About this exercise:
Extract the whole listing as it stands. Do not include the pictures.

++++ Data excerpt

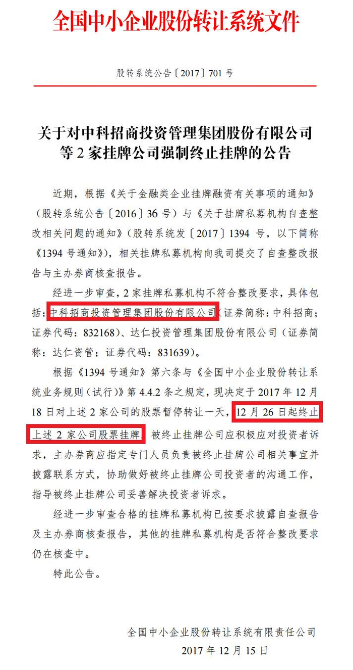 2017年12月26日(周二),不符合整改条件的挂牌公司完成强制摘牌。
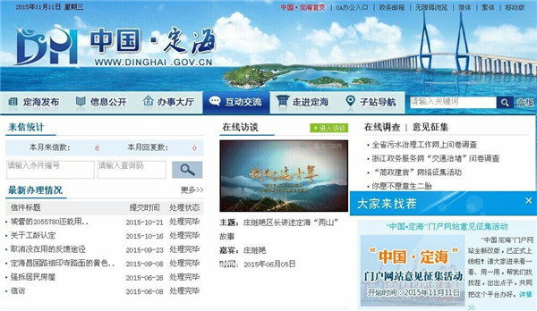 今天(11月11日),“中國·定海”政府門戶網(wǎng)站經(jīng)過改版全新上線,新版涵蓋定海發(fā)布、信息公開、辦事大廳、互動交流、走進定海、子站導(dǎo)航6大版塊,融入更多新技術(shù)與新元素,增強政府門戶網(wǎng)站的全面性、實用性、服務(wù)性和規(guī)范性。
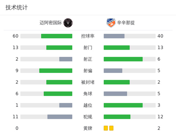 最终,迈阿密国际0-1辛辛那提。

++++++++

Exercise answer:
 2017年12月26日(周二),不符合整改条件的挂牌公司完成强制摘牌。
 今天(11月11日),“中國·定海”政府門戶網(wǎng)站經(jīng)過改版全新上線,新版涵蓋定海發(fā)布、信息公開、辦事大廳、互動交流、走進定海、子站導(dǎo)航6大版塊,融入更多新技術(shù)與新元素,增強政府門戶網(wǎng)站的全面性、實用性、服務(wù)性和規(guī)范性。
 最终,迈阿密国际0-1辛辛那提。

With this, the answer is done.